If your car has 45k miles and you plan on driving 3k more, it’s really less of a problem driving it all in one trip and easier on the car. If you have been doing a regular maintence program suggested in the owners manul, do no more then that and have a safe trip. If you haven’t check it out, just up date your maintenance and then have a safe trip.

Tuffy’s? What is Tuffy’s?? If its a fast lube place, I would forget that and go to a regular place. Change the oil, have them check the rest like belt and hoses etc. An 08 with 43K on it really doesn’t need much else. You’ll drive 10-14 hours a day max or about 5-700 miles and be plenty stiff when you get there. Also when stopping for the night its a good time to check the oil, check the tires, and look for any leaks.

If you don’t plan to bring along a laptop computer or a smart phone but will have an ordinary cell phone, you might want to make arrangements with a friend, neighbor or other person to look up on the internet whatever you might need along the way.

A list of Mazda dealers along your route will bring a little peace of mind.

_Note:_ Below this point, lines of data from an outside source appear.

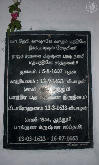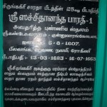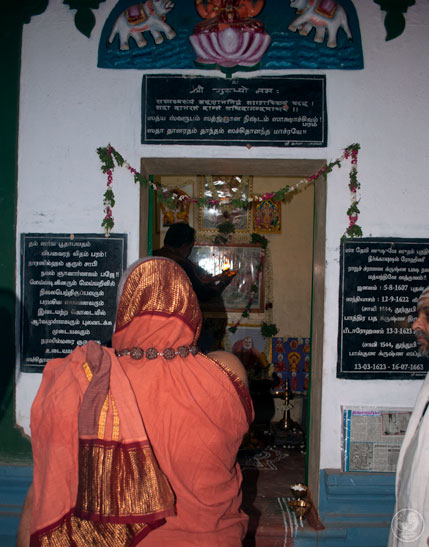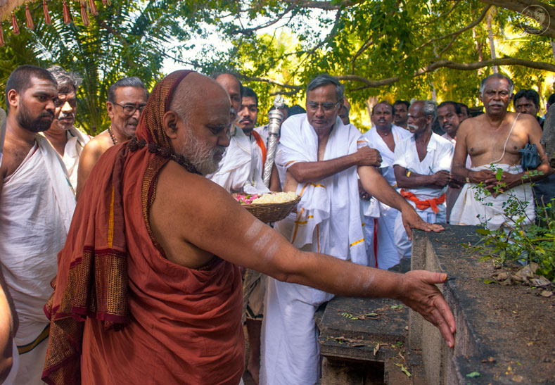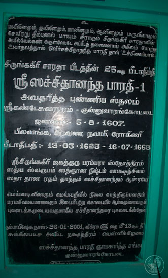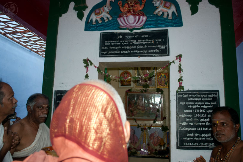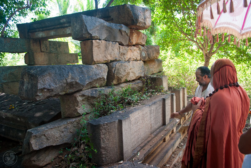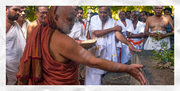 Later, the Jagadguru visited the ruins of the ancient Agrahara at Kunnuvaarankottai located a few kilometres away. According to the local residents, there was a temple here surrounded by about 300 houses and one of them was the Poorvashrama home of the 25th Jagadguru of Sringeri. Today, only the ruins of the temple remain. The Jagadguru visited the site and directed that the inscriptions on the stone structures of the temple be deciphered.
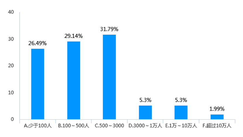 四是受調查企業的人數最多的是500~3000人(見圖18)。從近三年相關企業的平均員工人數看,人員為500~3000人的企業占31.79%;其次是100~500人的企業占比達29.14%;第三是少于100名員工的企業占比也達到26.49%。綜合而言,此次調查企業中,員工數為3000人以下的企業占比達87.42%,超過10萬人的企業占比僅為1.99%。這與我國物流企業數量多、整體而言規模偏小的行業發展特點相符合。
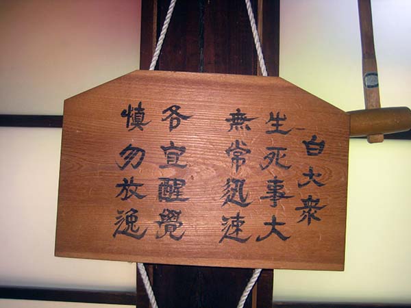 この「板」には「白大衆 生死事大、無常迅速、各宜醒覚、慎勿放逸」と書いてあります。
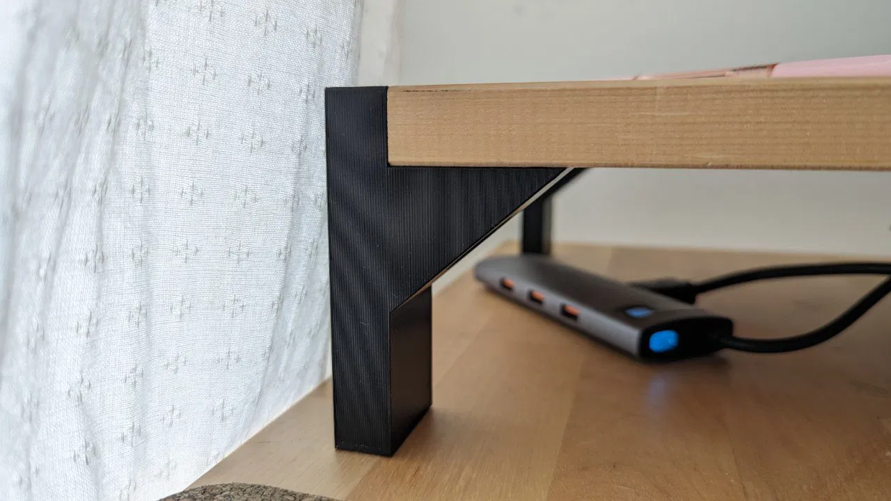 Bộ chân tối giản giúp kệ Ikea Ivar đứng độc lập như bàn/kệ. Mỗi chân bắt 1 vít gỗ phù hợp, đủ ngắn để không xuyên mặt kệ. Khuyến nghị in PLA/PETG, 10% infill cho tải nhẹ và tăng infill khi cần.
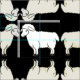 Carneiros brancos no tecido preto do fundo
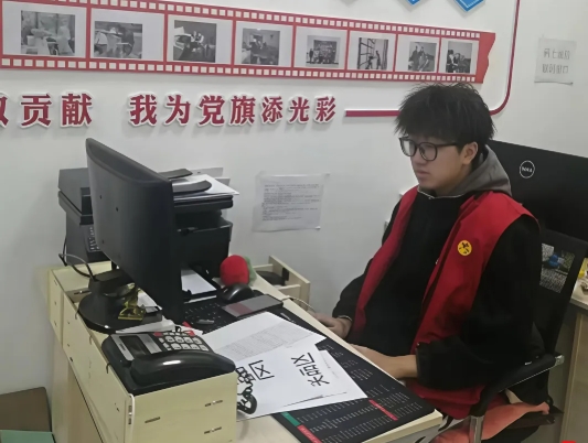 丛士博,男,共青团员,应用化学 24-1 班学生。2026 年寒假,他以返乡大学生志愿者身份投身创业城街道创业二社区服务,围绕材料整理、电子档案录入归档、换届工作协助、消防安全巡查与知识宣传等工作认真履职,在基层岗位中践行青年担当,锤炼品格、增长才干。
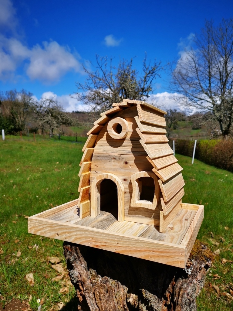 bonjour voici différentes mangeoires a oiseaux en bois de riche (palette) certaines sont couleur naturel et d'autres brulé (suivant le destinataire) bonne journée
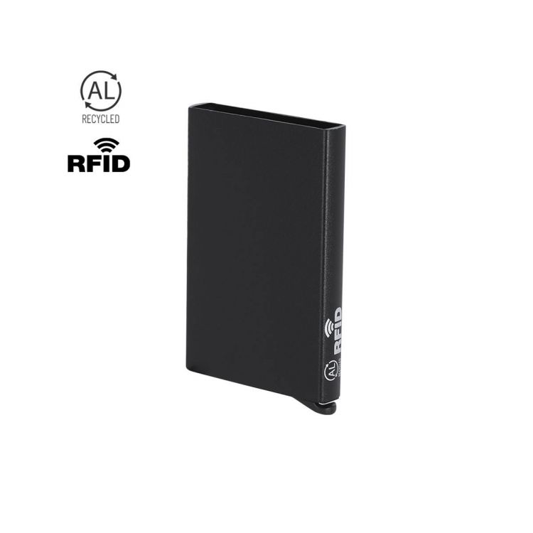 Cardholder made from recycled aluminum. Capacity for up to 10 cards, with an ingenious sliding mechanism for easy access to the cards. RFID (Radio Frequency Identification) security technology that keeps your identity transmission devices secure. RFID and Recycled Aluminum labels.Recycled aluminum is a material with almost infinite recycling possibilities, without losing its original properties and consuming less energy in the process.GRS certification (Global Recycled Standard), which guarantees the recycled origin of the material used to manufacture the product.
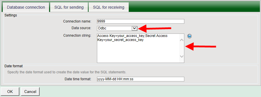 The connection string and the connection type should be entered on the SQL SMS API configuration form.
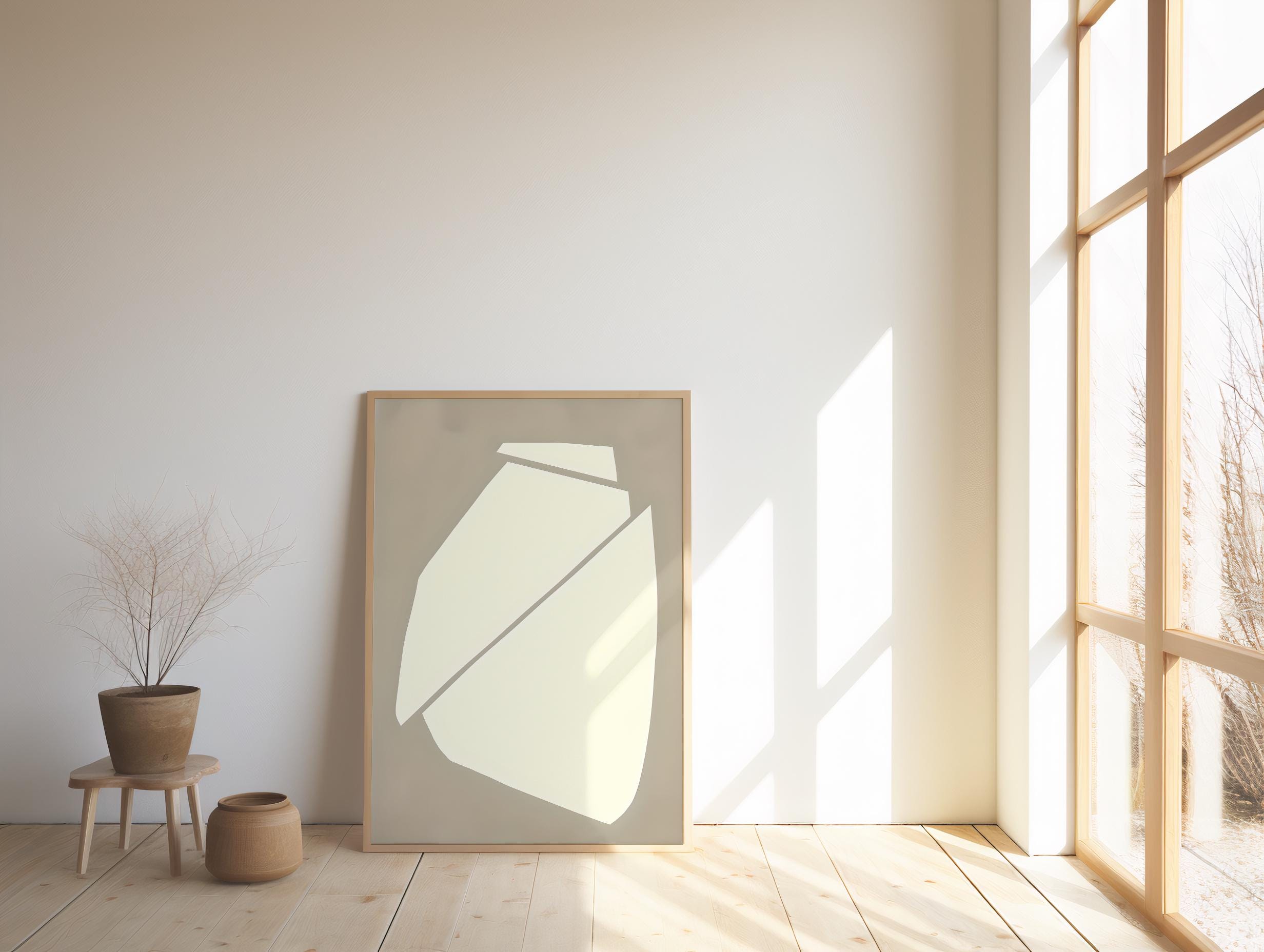 A calm, minimalist abstract composition in soft neutral and warm beige tones, professionally framed and ready to hang. Designed to bring balance, warmth, and quiet sophistication to modern, organic, and design-forward interiors.
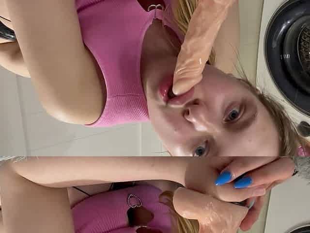 Horny Babe Gives Sloppy Dildo BJ While Fingering
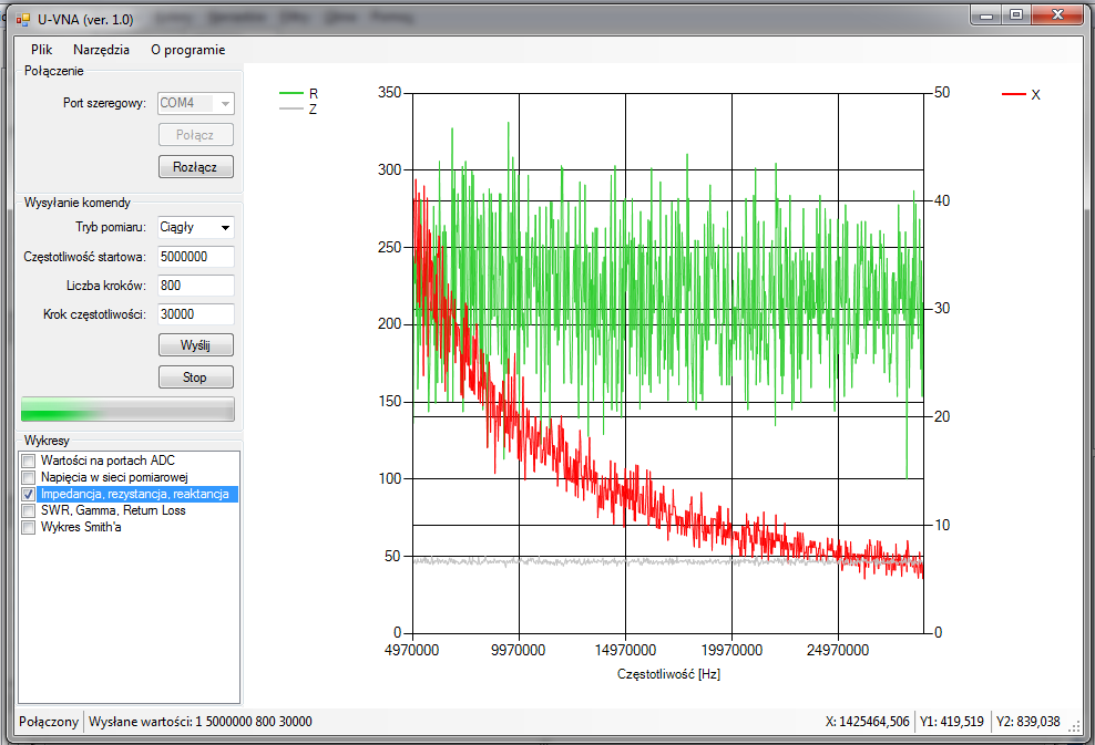 Wartość "|Z|" (mierzona napięciami, a nie obliczona z R i X) całkiem dobra - nieco poniżej 50R w całym zakresie.

The possibility of a sludged engine due to prior conditions was mentioned and for that, after a fresh oil and filter change before leaving, I would bring along a spare oil filter for your car and ask someone along the way to remove the old filter and install the new one for you. It takes only a few minutes and it seems to me that anyone should not charge you more than 5 bucks for doing it. Bringing along a spare oil filter removes the chase for one along the way. Then add a little fresh engine oil to make up for what was in the oil filter. Bring a quart or two of that along too.

Do not leave home without a contingency plan if you should have a vehicle breakdown. You should also have a new or newer GPS to find a variety of things along the way, motels, gas stations, restaurants, tourist attractions, shopping, rest areas, police, hospitals and more.